Newer
Older
HCAL_project / architectures / DAE.py
@Davide Lancierini Davide Lancierini on 2 Dec 2018 8 KB First commit
#NETWORK ARCHITECTURES

import numpy as np
import os 
import math

import tensorflow as tf
import matplotlib.pyplot as plt
from datetime import datetime


from architectures.utils.NN_building_blocks import *
from architectures.utils.NN_gen_building_blocks import *


def lrelu(x, alpha=0.1):
    return tf.maximum(alpha*x,x)

# some dummy constants
LEARNING_RATE = None
LEARNING_RATE_D = None
LEARNING_RATE_G = None
BETA1 = None
BATCH_SIZE = None
EPOCHS = None
SAVE_SAMPLE_PERIOD = None
PATH = None
SEED = None
rnd_seed=1


#tested on mnist
class DAE(object):

    """
    Builds densely connected deep autoencoder. Regularization implemented 
    with dropout, no regularization parameter implemented yet.
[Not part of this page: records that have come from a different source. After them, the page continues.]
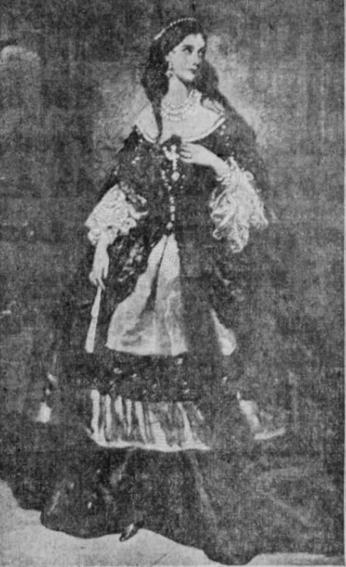 1858 portrait of Adeline, Countess of Cardigan and Lancastre from the American Magazine Section of the San Francisco Examiner, October 31, 1909, page 5
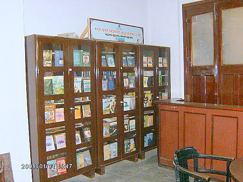 Karnataka books pradhikara
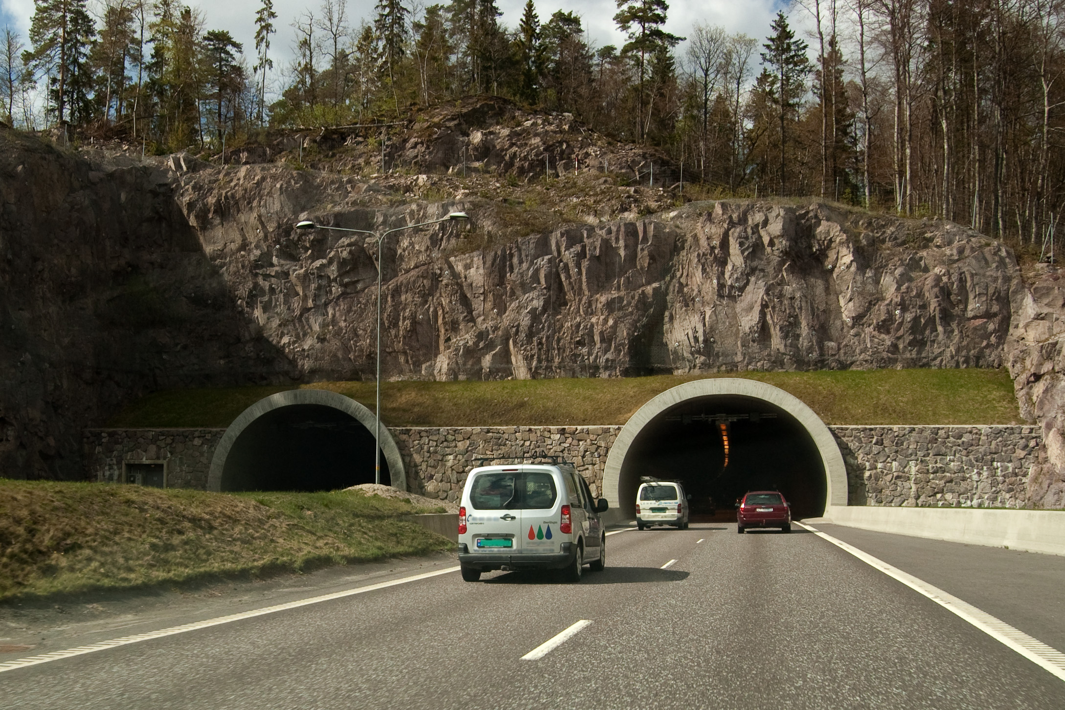 Flår tunnel on national road E18 in Re, Vestfold, Norway.
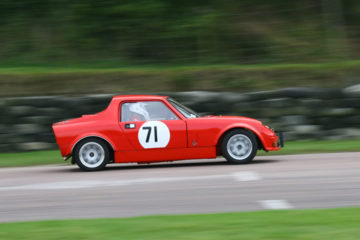 Honda Powered GTM Coupe at speed

Minimization through
    AdamOptimizer (adaptive learning rate).

    The minimized loss function is the reduced sum of the sigmoid cross entropy with logis
    over all the barch samples.

    Constructor inputs:

        -Positional arguments:
            - dim: (int) input features 
            - e_sizes: (dict)
            - d_sizes: (dict)
        
        -Keyword arguments

            - an_id: (int) number useful for stacked ae
            - lr: (float32) learning rate arg for the AdamOptimizer
            - beta1: (float32) beta1 arg for the AdamOptimizer
            - batch_size: (int) size of each batch
            - epochs: (int) number of times the training has to be repeated over all the batches
            - save_sample: (int) after how many iterations of the training algorithm performs the evaluations in fit function
            - path: (str) path for saving the session checkpoint

    Class attributes:
        
        - X: (tf placeholder) input tensor of shape (batch_size, input features)
        - Y: (tf placeholder) label tensor of shape (batch_size, n_classes) (one_hot encoding)
        - Y_hat: (tf tensor) shape=(batch_size, n_classes) predicted class (one_hot)
        - loss: (tf scalar) reduced mean of cost computed with softmax cross entropy with logits
        - train_op: gradient descent algorithm with AdamOptimizer

    

    Class methods:
        - get_sample:

    """


    def __init__(
        self, dim, e_sizes, d_sizes, an_id=0, 
        lr=LEARNING_RATE, beta1=BETA1,
        batch_size=BATCH_SIZE, epochs=EPOCHS,
        save_sample=SAVE_SAMPLE_PERIOD, path=PATH, seed=SEED, img_height=None, img_width=None
        ):


        self.dim = dim
        self.an_id = an_id
        self.latent_dims=e_sizes['z']
        self.e_sizes=e_sizes
        self.d_sizes=d_sizes
        self.d_last_act_f = d_sizes['last_act_f']
        self.seed = seed

        self.img_height=img_height
        self.img_width=img_width



        self.X = tf.placeholder(
                tf.float32,
                shape=(None, self.dim),
                name='X'
            )
            
        self.batch_sz = tf.placeholder(
                tf.float32,
                shape=(),
                name='batch_sz'
            )

        self.Z=self.build_encoder(self.X, self.e_sizes)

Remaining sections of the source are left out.